There is a wide choice of warehouse lighting technologies from the most costly to run (metal halide) to the T5 fluorescent type, and more recently the fast-growing LED lamps. But before choosing new lights it might pay to look at natural lighting that affects light usage. Is there, for example, scope for making better use of natural daylight through more transparent roof panels? If using such panels already are they kept clean often and regularly? On the loading bay why not consider having almost 100% clear PVC for fast-acting roller doors to let in as much natural light as possible?
A good starting point, however, is to conduct a site survey and for this there is help from the Carbon Trust. Many warehouses will have discrete areas that are lit but not always occupied but is there any zone-based switching? Are light switches badly labelled so staff cannot tell which lights are controlled by which switches? If so, they should be clearly labelled so supervisory staff or teams can turn off the lights when an area is unoccupied for lengthy periods.
It is, of course, important to meet H&S lighting levels and to ensure this one should consider a lux meter. Good practice states that lighting levels should be 150 lux in loading bays, the same in racking areas, and 300 in packing and despatch.
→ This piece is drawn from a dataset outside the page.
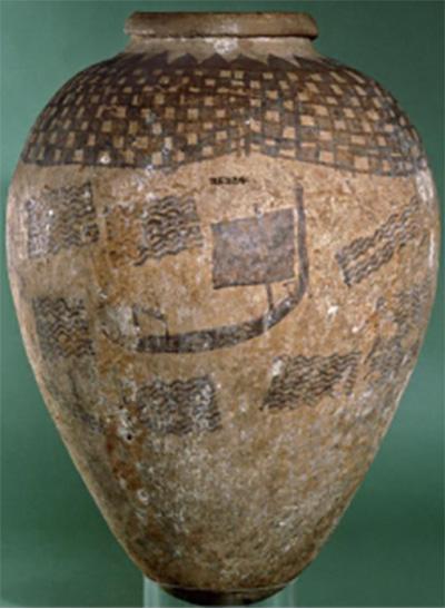 另一个历史早期的例子则来自古埃及。下图是出土于埃及格尔塞(距开罗约80千米,位于尼罗河西岸)一处墓葬遗迹的一只陶罐,属于涅伽达文化II期(又称格尔塞时期),表面上绘有已知世界上最古老的帆船图案。对此,一个有趣的发现是,这只陶罐的年代约为公元前3200年,恰好是上下埃及统一的前夕。位于尼罗河上游的上埃及在技术方面较为先进,领先于位于尼罗河三角洲的下埃及。然而,由于尼罗河的流向是自南向北的,因而上下埃及之间通过河运而建立的联系只能是单向的。

If lighting uses automatic light sensitive controls then they should be checked to ensure that they are calibrated correctly and that lights do not remain switched on when daylight is adequate.
Lighting quality is important for H&S reasons. A 60-year old forklift driver needs six times the light level of a 20-year old to discern his surroundings clearly. The Health and Safety Executive reports show that substandard lighting is regularly cited as a contributory factor in workplace accidents and hefty fines have been imposed.
Site surveys will show that warehouses with lighting that has not been replaced for at least 10 years will likely have 250W or 400W SON or Metal Halide lighting. Surveys will also show that there will be areas unoccupied for long periods when the lights could be turned off. The long re-strike times of these fittings, however, mean that people are unwilling to turn lights off because of the length of time it takes to get them back to full light output when turned on. These fittings, therefore, should be replaced with high bay, fluorescent T5 luminaires in either four or six-lamp configurations to give better light output, less energy consumption and amenability to automatic controls such as PIR motion detectors, without any re-strike concerns. However, the latest light technology making serious waves in warehouses is undoubtedly LEDs, despite their higher initial cost. Owing to their multiple benefits, including much longer life, typically 10 years, and far less maintenance costs, payback can be as little as one year, and experience shows that the longer the operational hours then the greater the payback.
Justifying the CAPEX issues for new lighting can be eased by the incentives available from the Carbon Trust for SMEs. These include 0% loans of up to £100,000 over a 1-4 year repayment period. Then there is the enhanced Capital Allowance scheme which provides 100% first-year capital allowances. Beyond that, installation companies offer various leasing packages in which the repayments are often offset by one’s monthly energy savings, effectively self financing.